世の中はゴールデンウイーク。住まいで時間に余裕のある休日を過ごし、通常より「健康で文化的な生活」を送ることのできる方々も多いことだろう。非正規雇用の人々・自営業者にとっては、長期連休は収入減を意味することも多いけれども。

ここ数ヵ月、貧困問題や生活保護そのものを題材とした作品やTV番組が急増している。そこで今回はゴールデンウイークにあたって、それらの内容や見どころを紹介したい。

現実を知る手がかりとするためには、作品のどこにどのような視線を向ければよいのだろうか?

ヒロインは新人ケースワーカー
柏木ハルコ「健康で文化的な最低限度の生活」

 現在、週刊青年コミック誌「ビッグコミックスピリッツ」(小学館)に、生活保護制度をテーマとした作品が連載されているのをご存知だろうか? 柏木ハルコ「健康で文化的な最低限度の生活」だ。

 主人公・義経えみるは、大学を卒業して東京都・東区役所に就職したばかりの新人公務員。就職早々、福祉事務所に配属され、ケースワーカー業務を担当することになった若い女性だ。この作品の中では、えみるの戸惑いや奮闘ぶりが、福祉事務所の日常や生活保護を利用する当事者たちの姿とともに描かれている。現在は、誌上で第5話までが公開されている。
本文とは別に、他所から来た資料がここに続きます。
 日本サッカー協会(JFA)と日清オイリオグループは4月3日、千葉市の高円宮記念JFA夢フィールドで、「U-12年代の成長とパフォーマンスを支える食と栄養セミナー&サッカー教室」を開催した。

 第5話は、稼働年齢の生活保護当事者に対する就労指導が中心だ。えみるは、担当している中年男性・阿久沢さんに対して就労指導を行っている。医師は「身体状態に問題なし」と判断したはずなのに、福祉事務所を訪れた阿久沢さんは激しい咳をしている。歩く後ろ姿もフラフラだ。真面目で実直そうな人物として描かれている阿久沢さんは、ハローワークで求職活動に取り組んでいるけれども、就労という成果には結びついていない。食事は、1日1食だけだという。なぜ1日1食しか食事ができないのか? ギャンブルや酒にお金を使っているのだろうか? そもそも、阿久沢さんの体調不良は本当なのか? 働きたくないので仮病を使っている可能性はないか?
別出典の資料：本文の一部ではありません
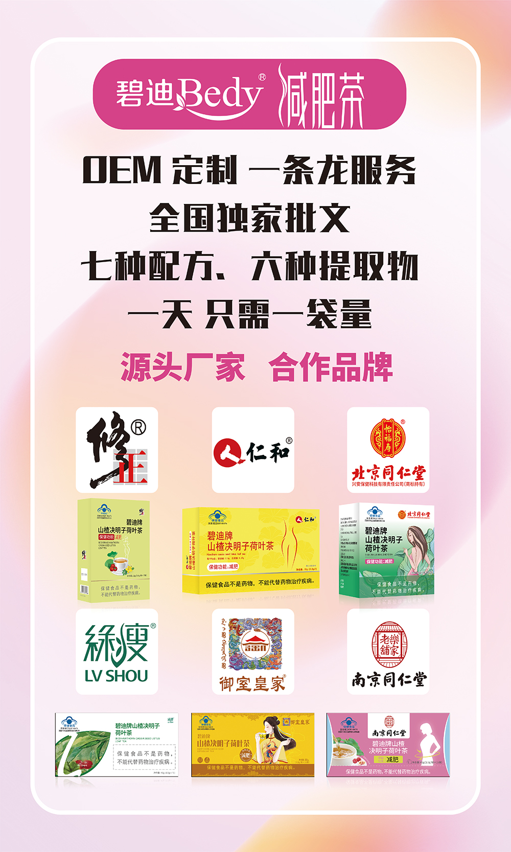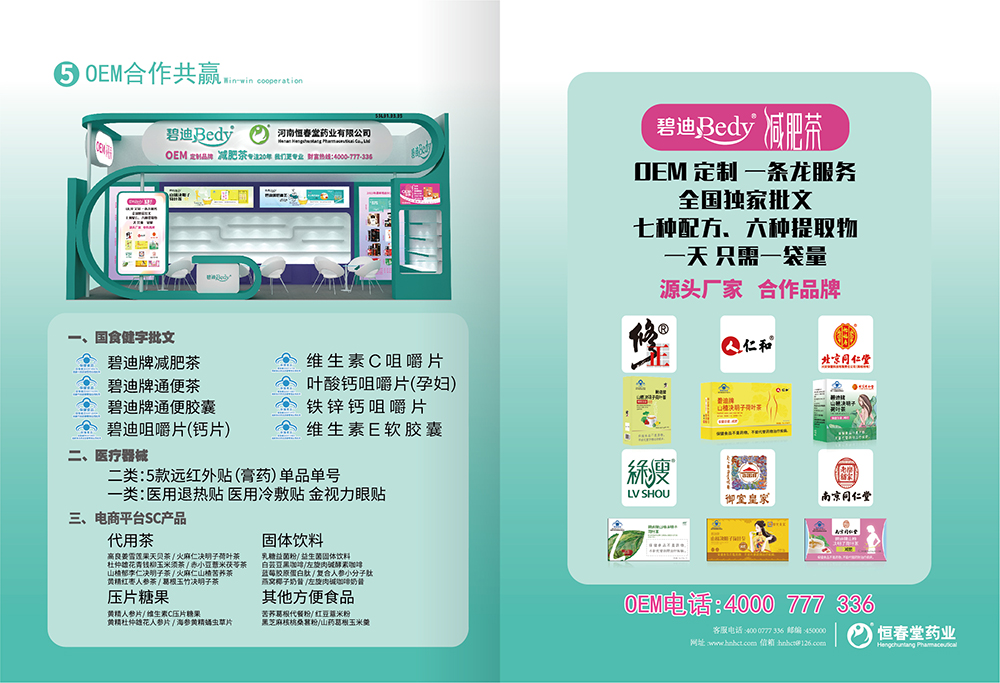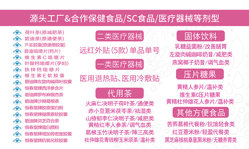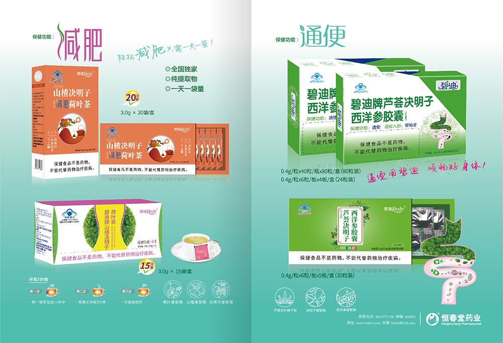 公司現(xiàn)擁有國食健字系列產(chǎn)品:碧迪牌秀爾茶(原減肥茶)、碧迪牌碧迪茶(原通便茶)、碧迪牌碧迪膠囊(原通便膠囊)、碧迪牌蘆薈決明子西洋參膠囊、碧迪牌碧迪咀嚼片、碧迪牌維生素C咀嚼片、蓋萊健牌葉酸鈣咀嚼片(孕婦)、蓋萊健牌鐵鋅鈣咀嚼片,近期還將獲得羅布麻銀杏茶、沙棘葛根茶、靈芝百合茶、恒春堂牌抗氧化軟膠囊、恒春堂牌褪黑素軟膠囊、恒春堂牌增加骨密度膠囊、恒春堂牌蛋白質(zhì)粉、恒春堂牌西洋參含片、左旋肉堿決明子荷葉膠囊、碧迪牌維生素E軟膠囊等產(chǎn)品。

 福祉事務所の先輩たちのアドバイスにより、えみるは家庭訪問を行ってみた。あまりにも質素で閑散とした室内。ほとんど何も入っていない冷蔵庫。その冷蔵庫のドアには、借金の返済を求める書類がマグネットで止められている。生活扶助費で借金を返済……? 最後のページの次回予告によれば、次回、阿久沢さんのさらなる秘密が明らかになるようだ。

「健康で文化的な最低限度の生活」は、ヒロインが新人ケースワーカーであることと舞台が福祉事務所であることを除けば、基本的には青春ストーリーだ。しかし筆者は、描写の細部に充分なリアリティを感じており、今後の展開を楽しみにしている。また本作品に対しては、筆者の周辺の生活保護経験者・貧困問題に関わる支援者たち・福祉事務所での勤務を経験したことのある公務員たちも、概ね「正確に描かれている好作品」と評価している。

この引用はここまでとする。